True, but if all CF mbrs are eligible in Cat 02 anyway, is there a need to wait that long?


----------



## Bzzliteyr (12 Oct 2012)

bridges said:
			
		

> True, but if all CF mbrs are eligible in Cat 02 anyway, is there a need to wait that long?



I can't remember what the reason was for my delay last year (I applied late?) but I did that last year.  Yes.. I remember now.  The flight I wanted was all booked for the legs I wanted.  By waiting until all the potential people got cleared and left slots open, I was able to get the legs I needed on the 6th.  On the 6th they clean the slate and it becomes a "free for all" with the 1-800 number.


----------



## bridges (12 Oct 2012)

Bzzliteyr said:
			
		

> I can't remember what the reason was for my delay last year (I applied late?) but I did that last year.  Yes.. I remember now.  The flight I wanted was all booked for the legs I wanted.  By waiting until all the potential people got cleared and left slots open, I was able to get the legs I needed on the 6th.  On the 6th they clean the slate and it becomes a "free for all" with the 1-800 number.

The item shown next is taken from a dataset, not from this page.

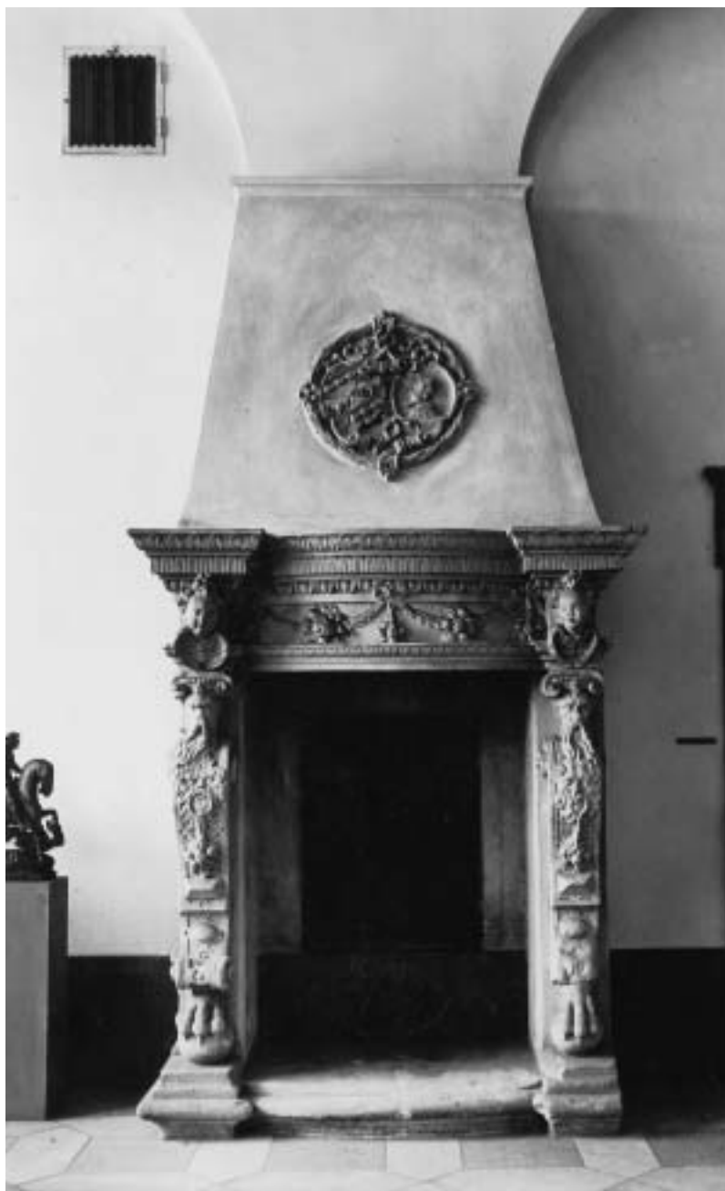
Kamin, Nürnberg, um 1588/1600, Sandstein, ursprünglich farbig gefasst, Inv.Nr. A 3004.

Der reiche plastische Dekor macht den Kamin zugleich ansprechend und kunstgeschichtlich interessant. Zudem haben sich an den Wappen und in geringerem Ausmaß an linker Wange
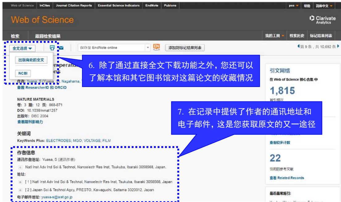
图 3 全记录界面中获取全文的方式

Ah - yes, makes sense.   :nod:


----------



## kolkol (14 Nov 2012)

Here's a LTA question that I get about as many responses to as there are clerks in the military:

I'll be traveling to Vancouver from Halifax to visit my NOK, and will be claiming the flight via LTA. However, on the return flight home, I was hoping to go to Montreal vice Halifax. If I (obviously) pay my own way home from Montreal-Halifax, will LTA cover Halifax-Vancouver(NOK)-Montreal? Or will I have to go home to Halifax first, before going to Montreal on my own dime??

Cheers.


----------



## Bzzliteyr (14 Nov 2012)

kolkol I am no clerk but I will tell you that for many years my itinerary would look like this (covered by LTA the whole way):

Valcartier to Montreal by POMV, park car in driveway at father's house. (mother is listed as NOK in Victoria, BC btw)
Taxi from dad's to Montreal airport
Montreal to Vancouver by plane
Bus/skytrain from YVR to Tsawwassen
Ferry from Tsawassen to Swartz Bay
Swartz bay pickup by mom to her home (or bus to her home)

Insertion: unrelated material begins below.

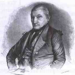
Казимир Мільбахер (1784—1865)

В період австрійського урядування окружний староста володів усією повнотою влади. Яскравий приклад — епізод з Казимиром Мільбахером. У 1823 році на той час губернського секретаря відіслано зі Львова до Стрия, де він починає виконувати обов'язки Стрийського окружного старости чи крайсгауптмана. Його попередник одержав підвищення і перебрався на Буковину. У штаті установи перебували комісари Франц фон Зальцгейм, Крістіан фон Коделлі, Йозеф Вернер і Моріс Драцький, секретар Адольф Антон граф Лавалетте, лікар, ветеринар, інженер і достатньо чиновників нижчого рівня. Отримавши ранг радника у 1824 році, староста жваво взявся за роботу. Дороги, виробництво свічок, сіль і податки — справ вистачало. У розпалі діяльності Мільбахер отримує листа від новопризначеного губернатора Людвіга Патрика Таафе. Виявляється на нього поскаржився колишній секретар магістрату Стрия Ігнатій Ашер, мовляв його незаконно обклали податком, тож треба розібратися. Справа дійшла і до цісаря Франца I, який заохочував практику «таємних листів», Йоган Вільмут звинуватив Мільбахера в аморальній поведінці.
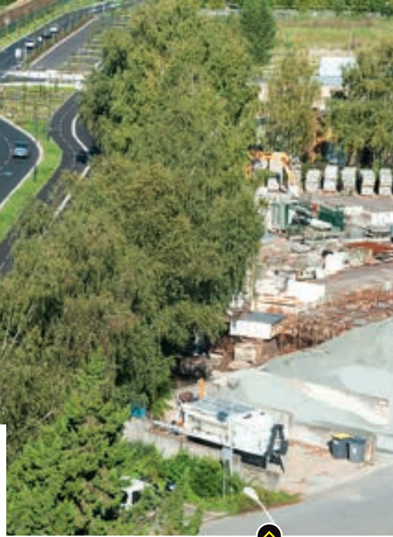
L'avenue du Prieuré à La Riche, requalifiée en 2014.

Reverse to return.  Remembering that the trip is your home to the NOK home minus 800km at X rate per km.  If you go over, you pay out of pocket.  If I felt like getting off in Winnipeg and hitching then I could.  They give you the amount and say "go with it". Ask your orderly room, they should be able to do a quick calculation.

Edit to add: I personally would try for seat sales and take all the different modes of transport as it saved the military money and allowed me to visit other family members in the other cities along the way.


----------



## Pat in Halifax (14 Nov 2012)

kolkol said:
			
		

> Here's a LTA question that I get about as many responses to as there are clerks in the military:
> 
> I'll be traveling to Vancouver from Halifax to visit my NOK, and will be claiming the flight via LTA. However, on the return flight home, I was hoping to go to Montreal vice Halifax. If I (obviously) pay my own way home from Montreal-Halifax, will LTA cover Halifax-Vancouver(NOK)-Montreal? Or will I have to go home to Halifax first, before going to Montreal on my own dime??
> 
> Cheers.


As long as the section of your leave pass is stamped at your NOK location, this shouldn't raise an issue. I was a late bloomer only marrying 4 years ago and visited my mom (at least) once a year claiming LTA (once/yr) until her passing 2 years ago. I visited family/friends around southern Ontario but as long as I had my CF 100 stamped by Burlington Police, I was never questioned and never felt I was abusing this benefit...someone correct me if I am wrong.
Again, bare in mind, you WILL NOT be reimbursed the cost of the flight/train ticket/gas. You are paid by mileage as eluded to in the previous post..


----------



## PMedMoe (14 Nov 2012)

Pat in Halifax said:
			
		

> You are paid by mileage as eluded to in the previous post..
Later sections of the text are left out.